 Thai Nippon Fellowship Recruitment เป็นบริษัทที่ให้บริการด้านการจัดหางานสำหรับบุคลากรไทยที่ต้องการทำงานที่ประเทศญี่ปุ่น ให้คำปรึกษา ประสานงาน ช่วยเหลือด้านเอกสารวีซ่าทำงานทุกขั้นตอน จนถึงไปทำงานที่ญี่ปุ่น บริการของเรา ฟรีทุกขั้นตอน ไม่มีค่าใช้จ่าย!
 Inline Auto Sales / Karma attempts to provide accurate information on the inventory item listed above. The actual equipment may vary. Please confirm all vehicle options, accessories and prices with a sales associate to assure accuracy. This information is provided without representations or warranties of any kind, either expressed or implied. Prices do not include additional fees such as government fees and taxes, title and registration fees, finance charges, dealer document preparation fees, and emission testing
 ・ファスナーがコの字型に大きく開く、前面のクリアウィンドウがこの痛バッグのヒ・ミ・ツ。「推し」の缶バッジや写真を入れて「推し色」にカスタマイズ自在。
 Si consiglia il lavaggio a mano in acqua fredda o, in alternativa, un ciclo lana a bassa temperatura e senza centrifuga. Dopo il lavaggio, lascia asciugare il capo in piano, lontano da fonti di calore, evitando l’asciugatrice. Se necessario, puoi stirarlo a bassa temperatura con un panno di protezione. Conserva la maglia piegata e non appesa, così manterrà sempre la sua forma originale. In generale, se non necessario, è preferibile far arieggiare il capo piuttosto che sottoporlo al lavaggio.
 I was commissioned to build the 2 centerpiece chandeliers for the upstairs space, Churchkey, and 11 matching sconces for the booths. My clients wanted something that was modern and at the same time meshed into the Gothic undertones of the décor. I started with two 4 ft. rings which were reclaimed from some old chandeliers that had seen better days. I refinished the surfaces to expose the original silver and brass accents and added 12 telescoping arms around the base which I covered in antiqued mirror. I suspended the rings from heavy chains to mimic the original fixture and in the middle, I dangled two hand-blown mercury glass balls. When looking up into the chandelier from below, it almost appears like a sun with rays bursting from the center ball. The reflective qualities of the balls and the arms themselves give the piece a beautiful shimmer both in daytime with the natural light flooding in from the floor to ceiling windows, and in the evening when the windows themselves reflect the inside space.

--

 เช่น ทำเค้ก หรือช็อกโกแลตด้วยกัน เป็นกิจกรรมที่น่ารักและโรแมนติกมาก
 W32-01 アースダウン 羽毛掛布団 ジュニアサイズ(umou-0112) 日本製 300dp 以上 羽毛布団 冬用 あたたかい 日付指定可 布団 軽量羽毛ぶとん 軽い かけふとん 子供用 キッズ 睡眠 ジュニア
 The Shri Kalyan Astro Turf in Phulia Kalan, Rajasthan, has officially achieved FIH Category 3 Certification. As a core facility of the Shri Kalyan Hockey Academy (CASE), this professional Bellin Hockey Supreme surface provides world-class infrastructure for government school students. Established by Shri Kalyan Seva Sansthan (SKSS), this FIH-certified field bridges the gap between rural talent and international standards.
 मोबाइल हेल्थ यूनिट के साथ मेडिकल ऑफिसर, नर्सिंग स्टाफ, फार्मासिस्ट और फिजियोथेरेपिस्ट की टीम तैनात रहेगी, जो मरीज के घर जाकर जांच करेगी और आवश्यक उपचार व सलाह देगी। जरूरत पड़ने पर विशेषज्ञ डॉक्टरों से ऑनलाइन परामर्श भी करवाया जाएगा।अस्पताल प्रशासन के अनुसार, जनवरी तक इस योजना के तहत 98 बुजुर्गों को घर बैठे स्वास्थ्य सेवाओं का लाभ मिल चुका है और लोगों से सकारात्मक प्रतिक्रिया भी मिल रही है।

# Prompt
Could you retype exactly the lines above, starting at the line that contains "Thai Nippon Fellowship" and ending at the line that contains "Si consiglia il", and nothing more?

# The completed task
 Thai Nippon Fellowship Recruitment เป็นบริษัทที่ให้บริการด้านการจัดหางานสำหรับบุคลากรไทยที่ต้องการทำงานที่ประเทศญี่ปุ่น ให้คำปรึกษา ประสานงาน ช่วยเหลือด้านเอกสารวีซ่าทำงานทุกขั้นตอน จนถึงไปทำงานที่ญี่ปุ่น บริการของเรา ฟรีทุกขั้นตอน ไม่มีค่าใช้จ่าย!
 Inline Auto Sales / Karma attempts to provide accurate information on the inventory item listed above. The actual equipment may vary. Please confirm all vehicle options, accessories and prices with a sales associate to assure accuracy. This information is provided without representations or warranties of any kind, either expressed or implied. Prices do not include additional fees such as government fees and taxes, title and registration fees, finance charges, dealer document preparation fees, and emission testing
 ・ファスナーがコの字型に大きく開く、前面のクリアウィンドウがこの痛バッグのヒ・ミ・ツ。「推し」の缶バッジや写真を入れて「推し色」にカスタマイズ自在。
 Si consiglia il lavaggio a mano in acqua fredda o, in alternativa, un ciclo lana a bassa temperatura e senza centrifuga. Dopo il lavaggio, lascia asciugare il capo in piano, lontano da fonti di calore, evitando l’asciugatrice. Se necessario, puoi stirarlo a bassa temperatura con un panno di protezione. Conserva la maglia piegata e non appesa, così manterrà sempre la sua forma originale. In generale, se non necessario, è preferibile far arieggiare il capo piuttosto che sottoporlo al lavaggio.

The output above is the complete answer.